Old Trafford rivals may queue up to offer sympathy but it was the winning goal that brought sweet relief at Old Trafford.
If there is one thing football managers detest even more than boardroom votes of confidence it is sympathy from rivals. Alex Ferguson will be duly appalled by the way in which not just his sworn enemy Arsène Wenger but Rafa Benítez, Jose Mourinho and Sam Allardyce have been queuing up to ladle the stuff on to the airwaves and across the back pages.
Such head-shaking, expressions of sorrow about Alex being booed by United fans at the end of last Saturday's defeat against Blackburn, were presumably offered in a spirit of utmost sincerity but they imbue Ferguson with an unaccustomed aura of vulnerability.
Not to mention prompting the man on Old Trafford's public address system to come over all Butlins Red-Coatish with the carefully emphasised tannoyed plea: "Let's get right behind Manchester United tonight."
Within minutes Ferguson was seen walking right behind his much criticised assistant, Carlos Queiroz, as, accompanied by a security man, the pair headed to the dugout.
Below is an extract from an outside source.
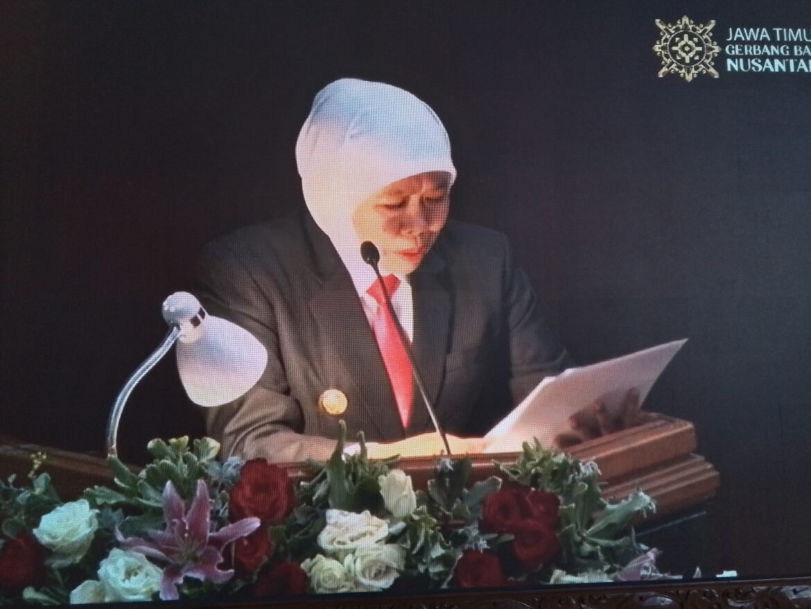 SabdaNews.com – Gubernnur Jawa Timur Khofifah Indar Parawansa menyampaikan Pengantar Nota Keuangan Raperda tentang Perubahan APBD Jawa Timur Tahun Anggaran 2025 usai mendengarkan pidato kenegaraan Presiden RI, Prabowo Subianto pada rapat paripurna istimewa dipimpin wakil ketua DPRD Jawa Timur Deni Wicaksono, Jumat (15/8/2025).

United fans are concerned that their manager has proved far too willing to go along with Queiroz's promotion of the 4-5-1 system blamed for the current goal shortage. By way of exacerbating this hostility Queiroz has told a newspaper in Portugal that such quibbles from supporters are "stupid", particularly as, in his eyes, United are actually playing 4-3-3.
Whatever the system, Ryan Giggs has struggled to make the starting line-up this season but last night the Wales winger silenced the newly audible whistles of impatience.
With United ahead courtesy of Giggs's free kick, Old Trafford was free to spend half-time wallowing in nostalgia and welcoming Brian Kidd, Ferguson's one-time sidekick on to the pitch, to draw the raffle.
When Kidd was at Blackburn, Ferguson pointedly refused to shake his former assistant's hand on the evening United rubber-stamped Rovers' relegation from the Premiership.
Here, though, everyone was reflecting on the 1968 European Cup final and United's 4-1 Wembley victory against Benfica, with Kidd scoring one of the victors' goals.
When Simao Sabrosa equalised, the United support immediately upped the decibel level. Yet sustaining such momentum proved almost as difficult as United's attempts to control the game's tempo and increasingly long silences were punctuated by frustrated gasps at yet another sloppy concession of home possession.
Van Nistelrooy's winner was greeted by relief rather than rapture as Ferguson's contention, in his programme notes, that "in fact it's just Chelsea's 100 per cent record that's making our results look a bit ordinary when, in actual fact, I think we have done okay" was looking more debatable by the minute. Wenger for Old Trafford, anyone?